Seibold makes many startling statements. He talks about having a “hard time forgiving God” and that “God appears not to give a damn.” The suffering happens “while God does nothing.” He bemoans how “we make excuses for God.” Most distressingly he states “It is time to be angry with God.” And follows it up with “We are justified in that.”

I don’t necessarily agree with the language or all of the sentiment. It’s easy to feel offended for God and to rush to His defence. We may react and see this as simple blasphemy. And yet the strangest thing about all this is that there is biblical precedent for something like this. While not trying to equate Seibold’s words with those of the Bible writers, nor seeking to implicate or exonerate him, he provokes us to face suffering in the light of a fuller range of scriptural testimony.
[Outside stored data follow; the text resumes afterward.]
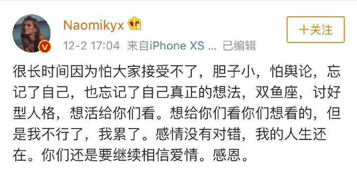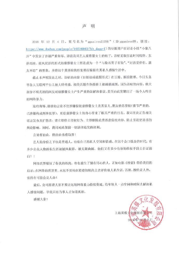 就在昨天(12/7),naomi经纪公司发表声明,否认了一系列网络传闻,并称网友的爆料采取了打乱时间线、东拼西凑的形式,将康雅馨(naomi)塑造成了一个“与数名男子有染”、“对恋爱伴侣朋友不忠”的形象。经纪公司正告相关谣言发布者立即删除恶意侵权内容。
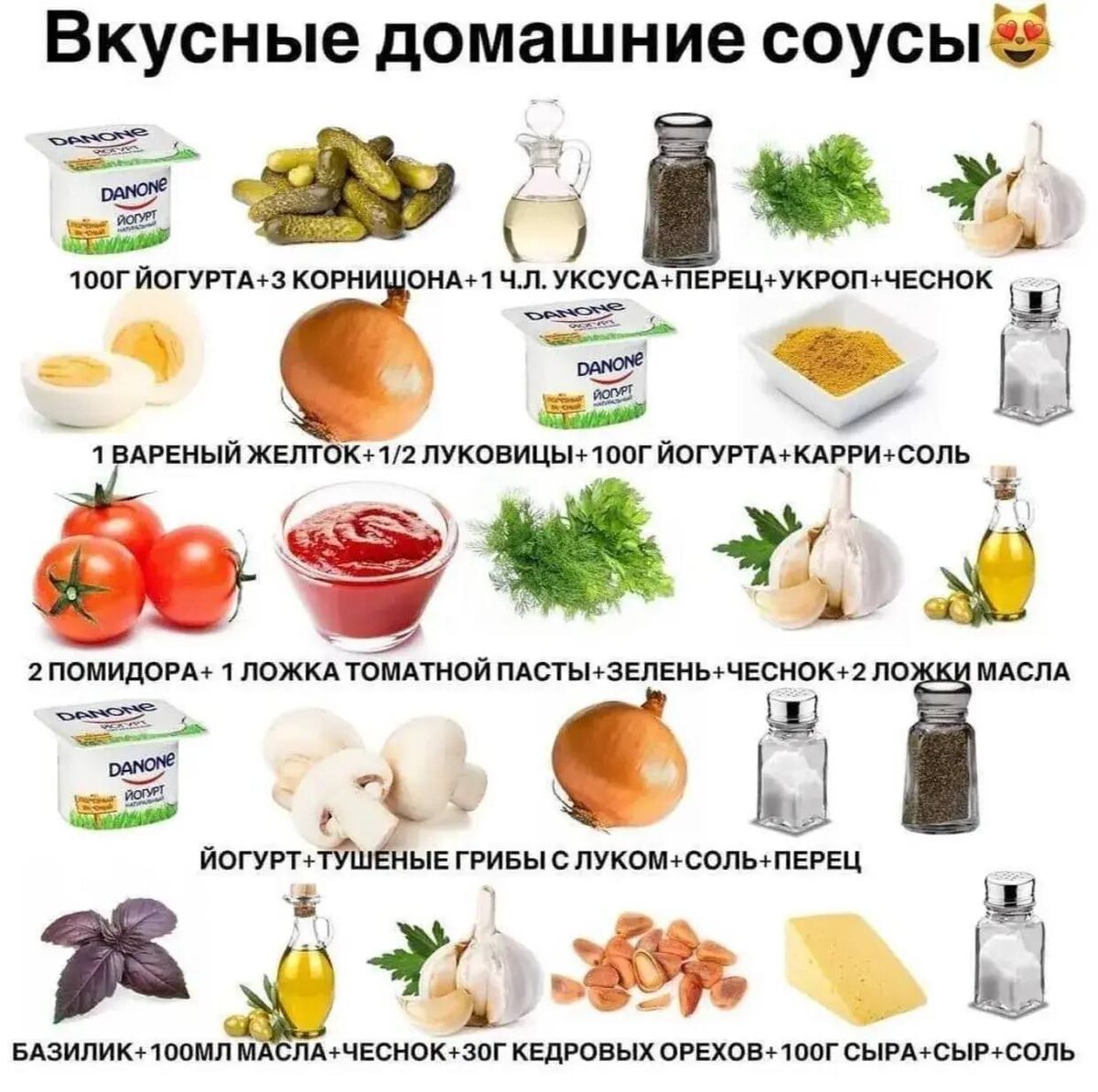 Нашла на просторах интернета - делюсь с вами. Такая удобная картинка многим может пригодиться. Состав разных соусов. У нас тоже есть комментарии в MAX.
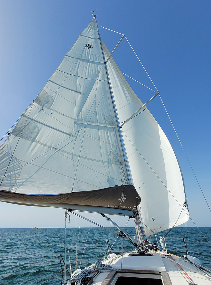 Наша яхта называлась «Луанна», Сан Одиссей 349. Вроде как она была 2020 года. Однако относительная ее новизна встречалась неоднозначной ухмылкой всеми, а особенно капитаном. Потому что яхты недавней постройки гораздо более хрупкие и кажется, что у них вот-вот что-то по мелочи оторвется, замки, петли, ручки всякие. И эргономика прихрамывает. Но в целом ничего критичного не сломалось.
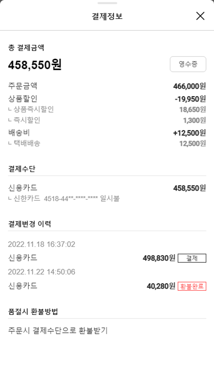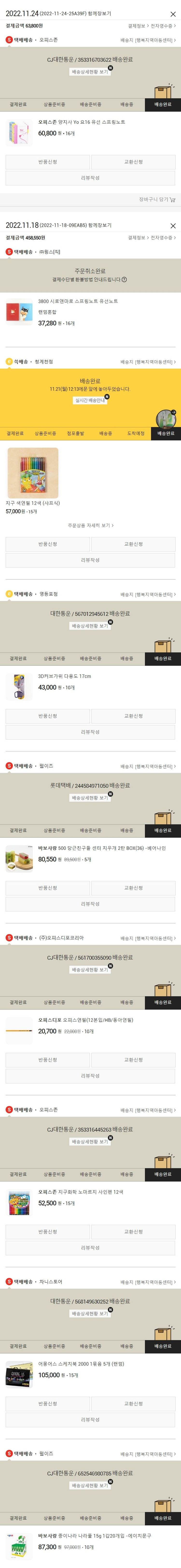 기부자님이 사용한 기부포인트 72,450원, 물품배송비 15,500원, 가격상승분 24,420원, 100원 미만 지원금 30원, 결제 수수료 10,146원, 기타 사업비는 행복나눔재단이 부담했습니다. (기부후기 발송시점에 최종 업데이트 됩니다.) 주문완료한 상품 중 품절건이 발생하여 2022-11-24 재주문하였습니다. 실제 쇼핑몰에서 확인되는 배송현황을 캡처한 내용입니다. 실시간 자료와는 차이가 있을 수 있습니다.
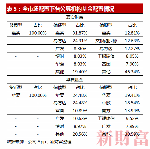 就目前各机构基金投顾产品的配置情况看,华夏基金及嘉实财富的全部产品,以及中欧基金的部分产品已率先突破,实现了全市场配置。如华夏和嘉实财富只在收益差距不大的货币型基金中会优先考虑自家产品,而在配置偏股型及偏债型基金时,对自家基金产品并不偏倚(表5)。

Astonishingly, people in scripture routinely complain to God and even lay blame on Him. Brace yourself and listen to the inspired word of God!   

“O Lord, how long shall I cry for help, and you will not hear? Or cry to you “Violence!” and you will not save? 3 Why do you make me see iniquity, and why do you idly look at wrong?” (Habakkuk 1:1-3).  

“How long, O Lord? Will you forget me forever? How long will you hide your face from me?” (Psalm 13:1).1

I do not think such verses are given to lead us to a casual indulgence in diatribes against the Almighty. I will admit I have that concern. The more careless and performative among us may do just that. And there are plenty of examples in Scripture of people who unjustifiably and sinfully complain against God amid hardship (see Numbers 11:1; 21:5; Deuteronomy 1:27). We don’t want to do that. And yet Scripture also seems to invite us to genuinely feel and speak honestly to God about great tragedy in confronting and raw ways rather than numbly ignoring it or offering insincere religious clichés we don’t believe in response.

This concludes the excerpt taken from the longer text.